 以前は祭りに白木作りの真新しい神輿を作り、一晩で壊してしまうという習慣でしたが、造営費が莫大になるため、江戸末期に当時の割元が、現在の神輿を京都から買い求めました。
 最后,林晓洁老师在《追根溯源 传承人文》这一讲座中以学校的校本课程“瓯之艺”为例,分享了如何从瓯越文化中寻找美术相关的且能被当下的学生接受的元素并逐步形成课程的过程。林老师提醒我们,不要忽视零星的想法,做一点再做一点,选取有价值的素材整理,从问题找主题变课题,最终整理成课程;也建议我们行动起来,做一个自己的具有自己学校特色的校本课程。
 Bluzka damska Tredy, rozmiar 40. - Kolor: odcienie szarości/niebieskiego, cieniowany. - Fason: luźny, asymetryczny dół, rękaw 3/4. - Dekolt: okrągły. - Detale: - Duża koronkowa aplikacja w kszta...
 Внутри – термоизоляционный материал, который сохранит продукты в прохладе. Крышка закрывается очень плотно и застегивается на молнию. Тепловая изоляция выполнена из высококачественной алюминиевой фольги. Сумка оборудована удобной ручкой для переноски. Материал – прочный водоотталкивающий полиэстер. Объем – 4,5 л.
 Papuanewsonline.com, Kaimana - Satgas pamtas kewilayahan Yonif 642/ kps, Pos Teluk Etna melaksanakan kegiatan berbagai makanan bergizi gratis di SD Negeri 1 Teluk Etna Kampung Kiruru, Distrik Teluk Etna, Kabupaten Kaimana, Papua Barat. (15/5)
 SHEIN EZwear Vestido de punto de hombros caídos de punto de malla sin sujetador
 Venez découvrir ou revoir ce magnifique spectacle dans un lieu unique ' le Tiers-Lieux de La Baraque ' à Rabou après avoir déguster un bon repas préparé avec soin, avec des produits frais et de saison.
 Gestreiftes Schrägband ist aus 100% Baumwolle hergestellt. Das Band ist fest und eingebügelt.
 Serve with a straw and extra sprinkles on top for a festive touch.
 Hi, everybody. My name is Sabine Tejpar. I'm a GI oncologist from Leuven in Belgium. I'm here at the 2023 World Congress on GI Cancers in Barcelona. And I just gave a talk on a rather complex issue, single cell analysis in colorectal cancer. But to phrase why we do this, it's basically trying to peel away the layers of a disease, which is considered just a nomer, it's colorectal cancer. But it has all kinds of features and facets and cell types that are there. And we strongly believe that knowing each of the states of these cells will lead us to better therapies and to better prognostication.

About this task.
Transcribe, exactly as written, all lines of the entries above from the first to the one containing "Внутри – термоизоляционный", and no more.

Reply.
 以前は祭りに白木作りの真新しい神輿を作り、一晩で壊してしまうという習慣でしたが、造営費が莫大になるため、江戸末期に当時の割元が、現在の神輿を京都から買い求めました。
 最后,林晓洁老师在《追根溯源 传承人文》这一讲座中以学校的校本课程“瓯之艺”为例,分享了如何从瓯越文化中寻找美术相关的且能被当下的学生接受的元素并逐步形成课程的过程。林老师提醒我们,不要忽视零星的想法,做一点再做一点,选取有价值的素材整理,从问题找主题变课题,最终整理成课程;也建议我们行动起来,做一个自己的具有自己学校特色的校本课程。
 Bluzka damska Tredy, rozmiar 40. - Kolor: odcienie szarości/niebieskiego, cieniowany. - Fason: luźny, asymetryczny dół, rękaw 3/4. - Dekolt: okrągły. - Detale: - Duża koronkowa aplikacja w kszta...
 Внутри – термоизоляционный материал, который сохранит продукты в прохладе. Крышка закрывается очень плотно и застегивается на молнию. Тепловая изоляция выполнена из высококачественной алюминиевой фольги. Сумка оборудована удобной ручкой для переноски. Материал – прочный водоотталкивающий полиэстер. Объем – 4,5 л.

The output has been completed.